И все же он испытывал некоторое беспокойство по поводу вновь завербованных участников заговора. Фрэнсис Трэшем, человек злобный и необузданный, не был истинно верующим, и положиться на него Кейтсби не мог. Тем не менее Робин прекрасно знал, что после смерти отца Трэшем получит богатое наследство, которое и делает его весьма привлекательным в качестве соратника. Что ж, окончательное решение можно принять в Лондоне, а потом в Кларкенуэлле. Нужда в деньгах слишком велика, и нельзя медлить ни минуты. Однажды присягнув на верность, Трэшем, как и остальные участники заговора, в случае предательства потеряет слишком много.

С Эверардом Дигби дело обстоит иначе, и Кейтсби он нужен не только ради денег, но и как человек, наделенный большим обаянием. Самым привлекательным в Дигби были его простодушие и твердая вера в принципы протестантизма. В католическую веру его обратил отец Герард, который не только одевался и вел себя как истинный джентльмен, но и искренне считал себя таковым. Отец Герард уловил момент, когда Дигби заболел, и, воспользовавшись паническим страхом перед смертью, направил его на истинный путь. Забавно, что ему удалось обратить в католичество и Мэри, жену Дигби, причем ни один из супругов не знал правды друг о друге. Отец Герард любил хранить подобные тайны до поры до времени, чтобы в полной мере насладиться оцепенением обоих, когда все станет известно.

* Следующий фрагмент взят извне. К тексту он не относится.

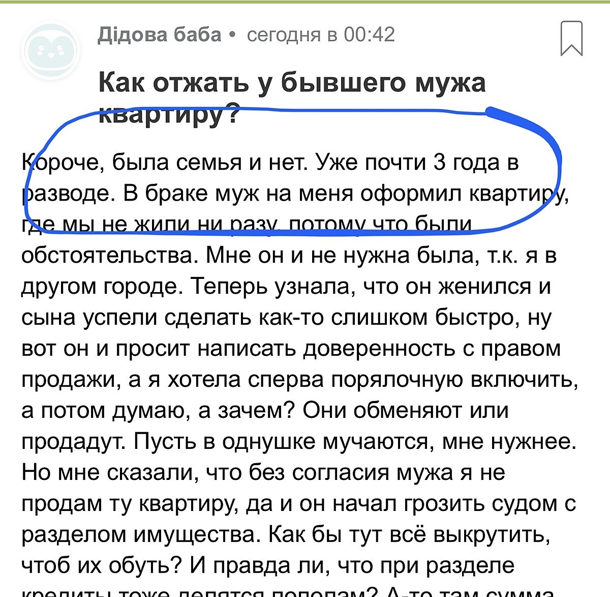 Короче, была семья и нет. Уже почти 3 года в разводе. В браке муж на меня оформил квартиру, где мы не жили ни разу, потому что были обстоятельства. Мне он и не нужна была, т.к. я в другом городе. Теперь узнала, что он женился и сына успели сделать как-то слишком быстро, ну вот он и просит написать доверенность с правом продажи, а я хотела сперва порялочную включить, а потом думаю, а зачем? Они обменяют или продадут. Пусть в однушке мучаются, мне нужнее. Но мне сказали, что без согласия мужа я не продам ту квартиру, да и он начал грозить судом с разделом имущества. Как бы тут всё выкрутить, чтоб их обуть? И правда ли, что при разделе кредиты тоже делятся пополам? А-то там сумма большая, не хотелось бы вляпаться.
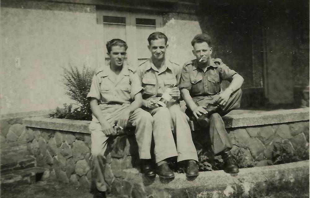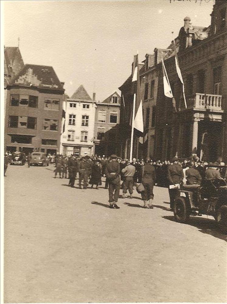 5 Engelse soldaten voor tank, waarschijnlijk Nijmegen

Кейтсби собирался использовать в своих целях наивное простодушие и душевную чистоту Дигби. Эверарда не только хорошо знал и при дворе, но и считали одной из наиболее ярких восходящих звезд. Он был прекрасен собой, словно молодой бог, ездил верхом так, будто родился в седле, слыл великолепным фехтовальщиком и замечательным музыкантом, хотя последнее достоинство Кейтсби не мог оценить должным образом. Кто-то должен окружить Кумб-Эбби и забрать принцессу Елизавету. Если поручить это дело звероподобному Тому Уинтеру или Джону Гранту, физиономия которого едва ли краше, чем у сатаны, или, того хуже, пьянице Томасу Перси, то слуги принцессы либо будут сражаться не на жизнь, а на смерть, либо сдадутся без боя, справедливо считая себя покойниками. Принцесса Елизавета всего лишь дитя и с перепугу может натворить бог весть что. Разве мало случаев, когда девушки бросались вниз с каменных стен, думая, что под угрозой находится их честь? Любая девушка при виде такой рожи, как у Уинтера, Гранта или Перси, сразу же поймет, что они явились не за дружеским рукопожатием. Если же на Кумб-Эбби нападет Дигби, сражения можно избежать. Эверарда любят при дворе, он истинный рыцарь, недавно причисленный к дворянам, получающим пенсион от его величества. Всем известно, что он примерный семьянин, да и одним своим видом такой красавец может укротить даже взбесившегося быка. Ни Кейтсби, ни делу католицизма не нужна принцесса Елизавета, проткнувшая себя ножом или прыгнувшая с высокой стены в ров. Благодаря обаянию Дигби можно на некоторое время скрыть, что произошло с ее родителями. Особенно если учесть, что и сам Дигби не знает всей правды.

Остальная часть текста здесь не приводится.